Once you reach the line with "2.1 Type I staples." in the material below, copy each line exactly up to and including the line with "Susan Phillips of", and skip the pictures.

**Provided data**
--- --- ---

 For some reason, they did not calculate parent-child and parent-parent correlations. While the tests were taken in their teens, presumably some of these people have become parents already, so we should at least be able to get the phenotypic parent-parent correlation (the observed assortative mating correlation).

--- --- ---

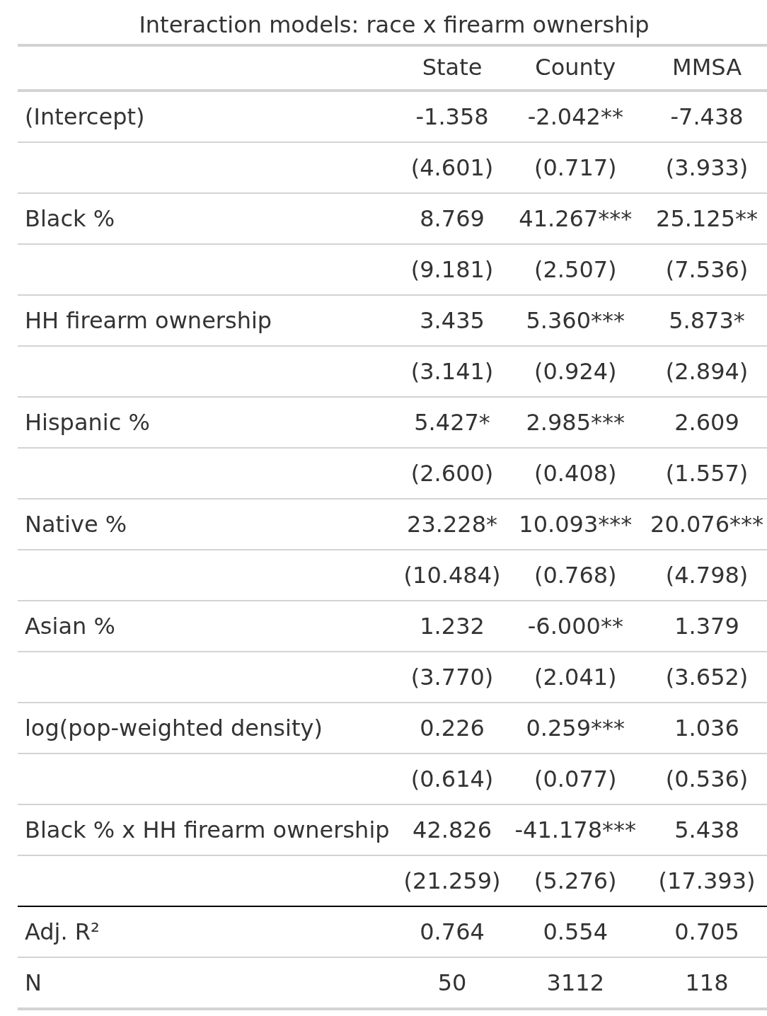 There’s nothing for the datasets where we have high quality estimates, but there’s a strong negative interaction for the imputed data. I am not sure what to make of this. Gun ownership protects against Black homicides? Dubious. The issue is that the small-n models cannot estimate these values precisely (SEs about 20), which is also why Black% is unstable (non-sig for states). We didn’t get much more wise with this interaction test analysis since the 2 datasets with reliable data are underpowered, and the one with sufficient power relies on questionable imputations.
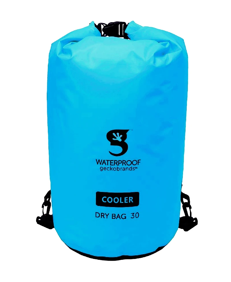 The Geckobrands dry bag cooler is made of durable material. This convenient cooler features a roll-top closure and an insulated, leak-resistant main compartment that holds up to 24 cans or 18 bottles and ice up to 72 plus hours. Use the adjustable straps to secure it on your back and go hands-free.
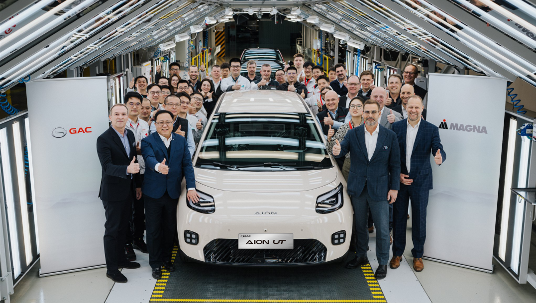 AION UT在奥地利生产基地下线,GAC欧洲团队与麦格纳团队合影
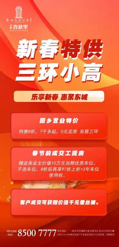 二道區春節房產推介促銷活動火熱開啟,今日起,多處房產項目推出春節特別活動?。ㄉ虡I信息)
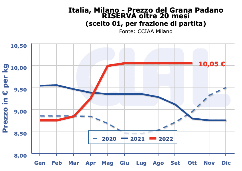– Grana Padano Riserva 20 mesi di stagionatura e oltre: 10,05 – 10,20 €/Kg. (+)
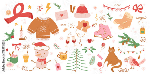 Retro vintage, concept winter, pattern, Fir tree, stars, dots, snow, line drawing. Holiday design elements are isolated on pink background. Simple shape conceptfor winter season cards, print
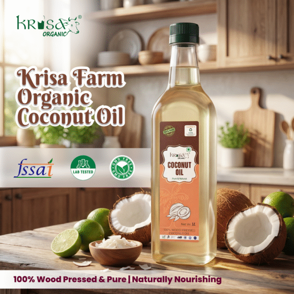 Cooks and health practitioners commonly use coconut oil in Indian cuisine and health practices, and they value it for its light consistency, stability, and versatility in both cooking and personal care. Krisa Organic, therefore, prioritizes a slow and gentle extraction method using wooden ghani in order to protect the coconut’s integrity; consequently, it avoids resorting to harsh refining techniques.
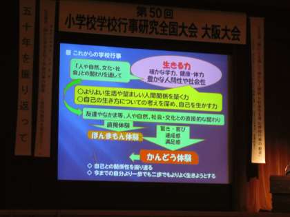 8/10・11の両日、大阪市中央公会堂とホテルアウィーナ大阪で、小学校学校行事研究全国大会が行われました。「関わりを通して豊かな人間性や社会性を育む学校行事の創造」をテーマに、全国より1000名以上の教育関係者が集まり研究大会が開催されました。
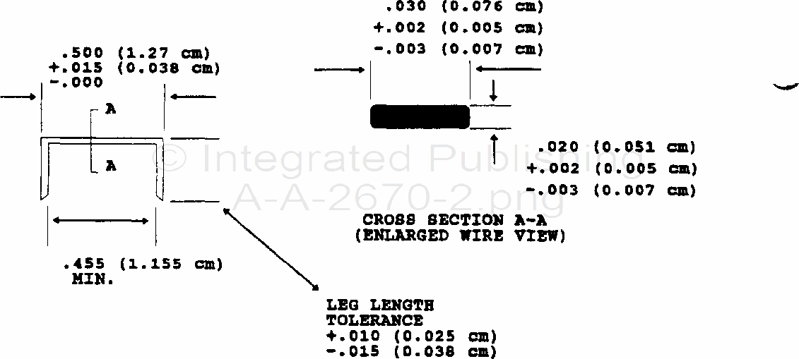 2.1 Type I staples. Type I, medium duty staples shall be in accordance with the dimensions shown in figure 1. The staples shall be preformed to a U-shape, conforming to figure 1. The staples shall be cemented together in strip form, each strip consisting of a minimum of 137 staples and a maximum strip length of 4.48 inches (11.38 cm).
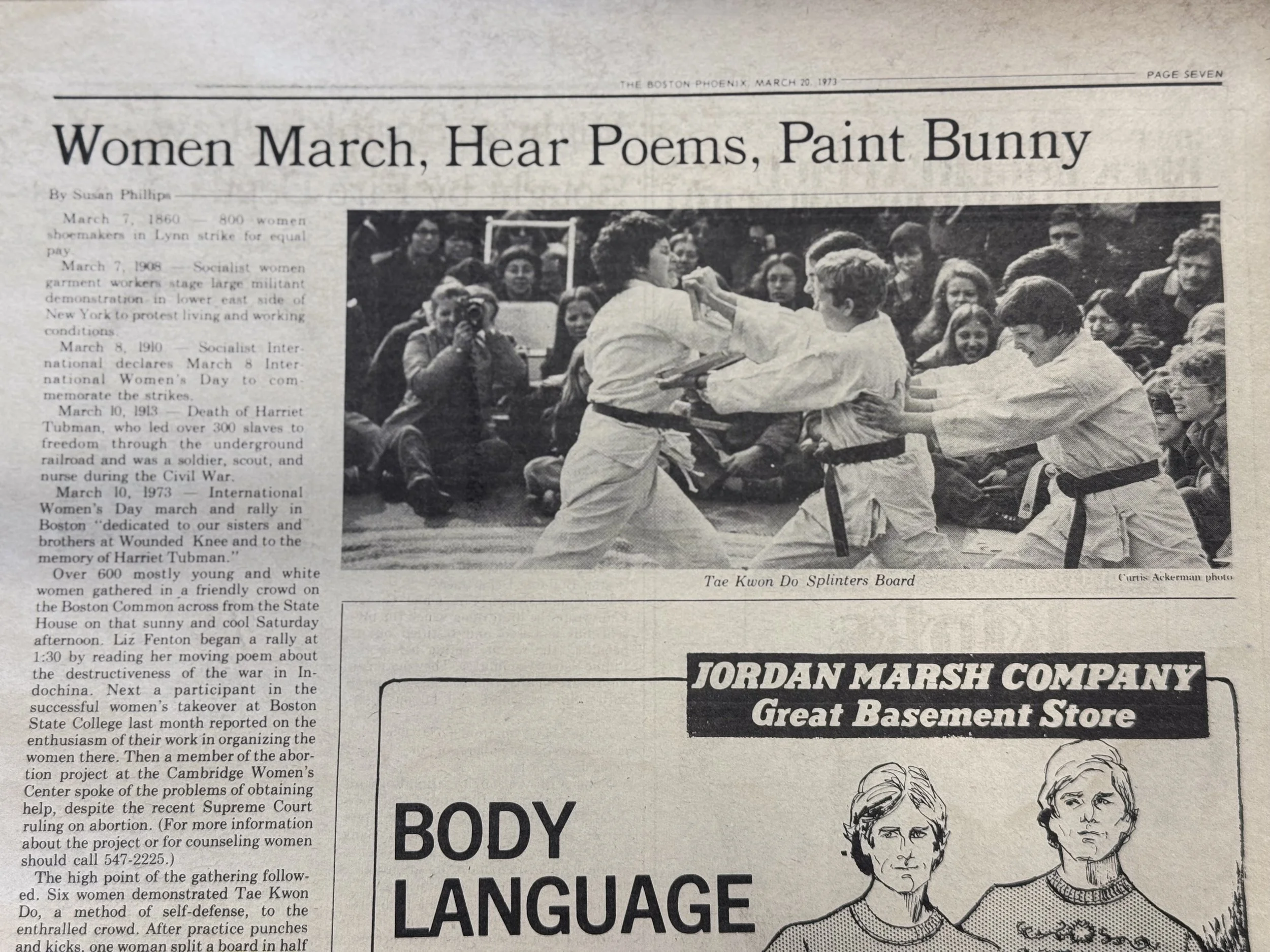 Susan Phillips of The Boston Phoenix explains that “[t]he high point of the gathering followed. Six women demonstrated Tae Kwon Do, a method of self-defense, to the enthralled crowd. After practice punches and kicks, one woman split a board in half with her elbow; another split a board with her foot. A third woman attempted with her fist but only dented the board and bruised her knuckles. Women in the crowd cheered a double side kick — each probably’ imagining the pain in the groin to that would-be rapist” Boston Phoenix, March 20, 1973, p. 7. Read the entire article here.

--- --- ---

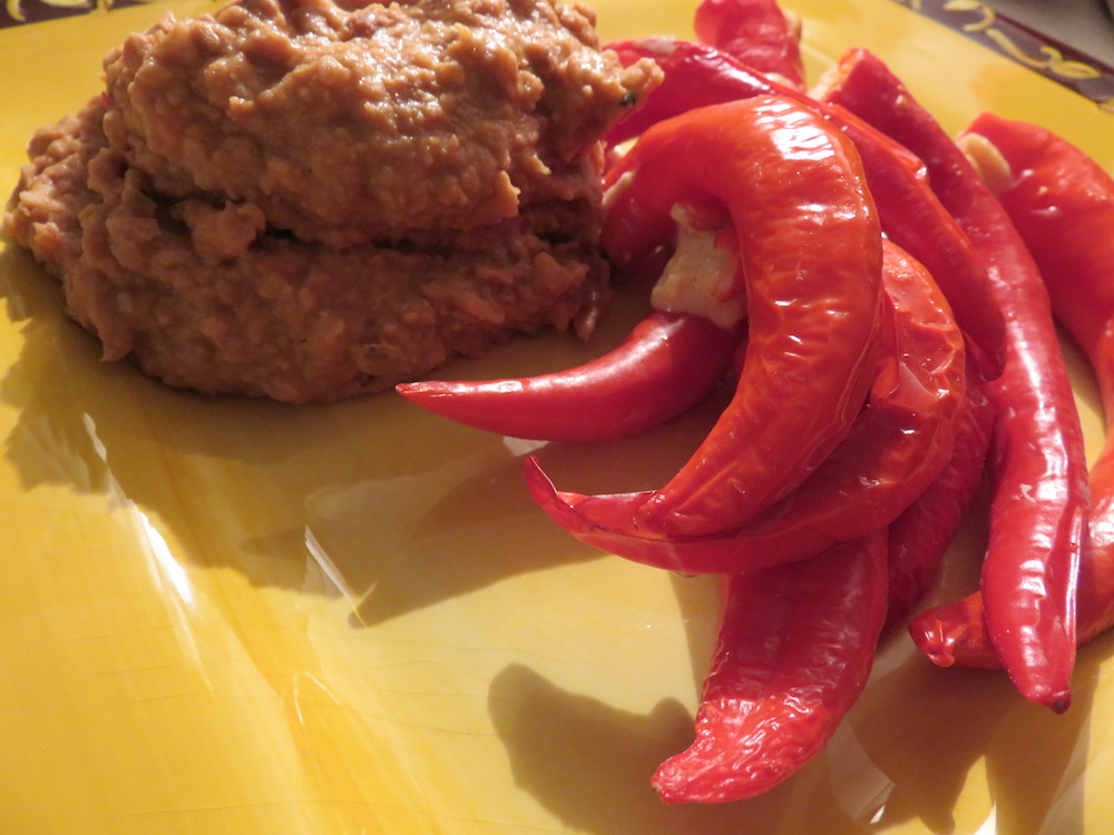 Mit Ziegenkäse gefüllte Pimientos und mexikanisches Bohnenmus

--- --- ---

**Task answer**
 2.1 Type I staples. Type I, medium duty staples shall be in accordance with the dimensions shown in figure 1. The staples shall be preformed to a U-shape, conforming to figure 1. The staples shall be cemented together in strip form, each strip consisting of a minimum of 137 staples and a maximum strip length of 4.48 inches (11.38 cm).
 Susan Phillips of The Boston Phoenix explains that “[t]he high point of the gathering followed. Six women demonstrated Tae Kwon Do, a method of self-defense, to the enthralled crowd. After practice punches and kicks, one woman split a board in half with her elbow; another split a board with her foot. A third woman attempted with her fist but only dented the board and bruised her knuckles. Women in the crowd cheered a double side kick — each probably’ imagining the pain in the groin to that would-be rapist” Boston Phoenix, March 20, 1973, p. 7. Read the entire article here.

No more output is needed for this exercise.